Goodhart’s Law as a service.
What matters here is that DeepSeek’s API is GPT-compatible and a lot cheaper than GPT-4o via OpenAI. Also, R1 is about as good as any of the current LLMs, and you can run it yourself.
DeepSeek R1 does what LLMs do. But it was reportedly created with a fraction of the resources. That’s the killer advantage.
We remain skeptical of DeepSeek’s claims to have trained on the cheap. The much-touted figure of $5 million to $6 million is just the final training run, which cost $5,576,000. [
arXiv]
But that doesn’t matter while the model is cheaper via the API and you can run it at home — that’s what’s making customers leave OpenAI. And that’s what people discovered over the week since R1’s announcement.
DeepSeek’s Janus Pro-7B, released January 27, does images as well as text — and again, you can run it at home (albeit slowly) in 24GB of video RAM. It may not be as good as Midjourney or OpenAI’s Dall-E — but it doesn’t have to be. [
Hugging Face; TechCrunch]
How’s OpenAI doing?
OpenAI was already deeply unprofitable. They priced ChatGPT Pro, with the o1 model, at
$200 per month, and then a Chinese company comes out of nowhere and undercuts them
OpenAI has been hemorrhaging key research staff and executives for a while now. In September, Chief technology officer Mira Murati, chief research officer Bob McGrew, and VP of research Barret Zoph all announced they were quitting.
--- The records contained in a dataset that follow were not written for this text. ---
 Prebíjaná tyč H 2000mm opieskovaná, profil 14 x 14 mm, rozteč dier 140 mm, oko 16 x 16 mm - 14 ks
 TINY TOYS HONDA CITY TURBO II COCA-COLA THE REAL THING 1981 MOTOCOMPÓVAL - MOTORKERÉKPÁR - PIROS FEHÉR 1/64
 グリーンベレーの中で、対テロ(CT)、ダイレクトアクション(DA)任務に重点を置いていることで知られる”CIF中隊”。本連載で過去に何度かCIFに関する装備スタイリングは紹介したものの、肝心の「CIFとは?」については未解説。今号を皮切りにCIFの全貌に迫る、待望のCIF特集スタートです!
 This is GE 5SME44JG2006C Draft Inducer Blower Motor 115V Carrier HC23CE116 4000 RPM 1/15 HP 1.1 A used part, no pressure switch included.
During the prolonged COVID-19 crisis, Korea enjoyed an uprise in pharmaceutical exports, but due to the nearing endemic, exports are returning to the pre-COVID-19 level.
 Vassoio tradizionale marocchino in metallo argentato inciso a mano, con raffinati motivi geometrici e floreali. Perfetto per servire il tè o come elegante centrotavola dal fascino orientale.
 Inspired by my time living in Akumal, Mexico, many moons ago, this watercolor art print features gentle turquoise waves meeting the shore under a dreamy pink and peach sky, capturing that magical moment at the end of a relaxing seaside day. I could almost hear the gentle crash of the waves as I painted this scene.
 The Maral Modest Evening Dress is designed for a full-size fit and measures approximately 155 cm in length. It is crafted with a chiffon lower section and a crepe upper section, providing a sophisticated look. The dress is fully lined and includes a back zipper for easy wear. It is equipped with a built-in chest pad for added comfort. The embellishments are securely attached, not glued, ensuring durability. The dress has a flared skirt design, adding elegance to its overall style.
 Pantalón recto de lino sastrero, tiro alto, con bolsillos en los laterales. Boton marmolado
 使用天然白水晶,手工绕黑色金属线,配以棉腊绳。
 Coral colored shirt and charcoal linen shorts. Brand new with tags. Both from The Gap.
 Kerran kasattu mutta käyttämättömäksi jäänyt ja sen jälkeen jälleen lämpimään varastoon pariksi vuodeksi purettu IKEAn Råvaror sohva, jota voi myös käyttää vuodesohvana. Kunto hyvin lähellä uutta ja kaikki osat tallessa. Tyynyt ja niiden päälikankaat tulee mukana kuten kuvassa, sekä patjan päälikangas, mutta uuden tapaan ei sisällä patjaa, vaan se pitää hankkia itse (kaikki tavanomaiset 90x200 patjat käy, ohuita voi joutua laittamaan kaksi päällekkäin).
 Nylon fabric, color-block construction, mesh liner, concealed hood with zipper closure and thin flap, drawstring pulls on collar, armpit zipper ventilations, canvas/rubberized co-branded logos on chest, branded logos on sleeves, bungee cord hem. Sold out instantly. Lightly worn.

What’s really popped is OpenAI’s credibility. They marketed themselves as needing to burn all those
billions of dollars on model training. Along comes DeepSeek with a model that works just about as well but for much cheaper, and saying it was trained for ridiculously less.
Sam Altman is good at raising money and good at making promises about the future — but OpenAI is a machine for spending money as fast as possible, not a machine for working efficiently.
OpenAI doesn’t need a massive AI infrastructure initiative like
Stargate — they need to work out how to train more cheaply.
SoftBank, one of the big backers behind Stargate, is notorious for WeWork-level funding disasters — but five days from floating the idea to the crash might be a new record.
What happens next?
The reaction to the crash includes a lot of people explaining why the tech market panic over DeepSeek validates their previous position, whatever it was.
This crash doesn’t mean AI sucks now or that it’s good now. It just means OpenAI, and everyone else whose stock dipped, was just throwing money into a fire. But we knew that.
Slop generators are inexpensive now, and that’s a sea change — but the output is still terrible slop, just more of it.
We think the market is reacting to the shock. We expect the stock prices to go back up again, at least in the short run. Business that have products and customers should be okay. If cheap LLMs are deployed everywhere, they’ll run on Nvidia.
Venture capital firms who put money into startups training AI foundational models — and it’s quite a lot of money — are likely to be unhappy (now rather than later). [
Axios]
The AI bubble and its
VC funders are deeply vibes-based. This is because generative AI promoters still haven’t found a convincing use case. The vibes have taken a serious hit.
We don’t know of anyone who predicted that tech stocks would crash just from someone coming up with a cheaper model. But Silicon Valley AI is Theranos on the GPU all the way down, so we should expect that to come out at some point.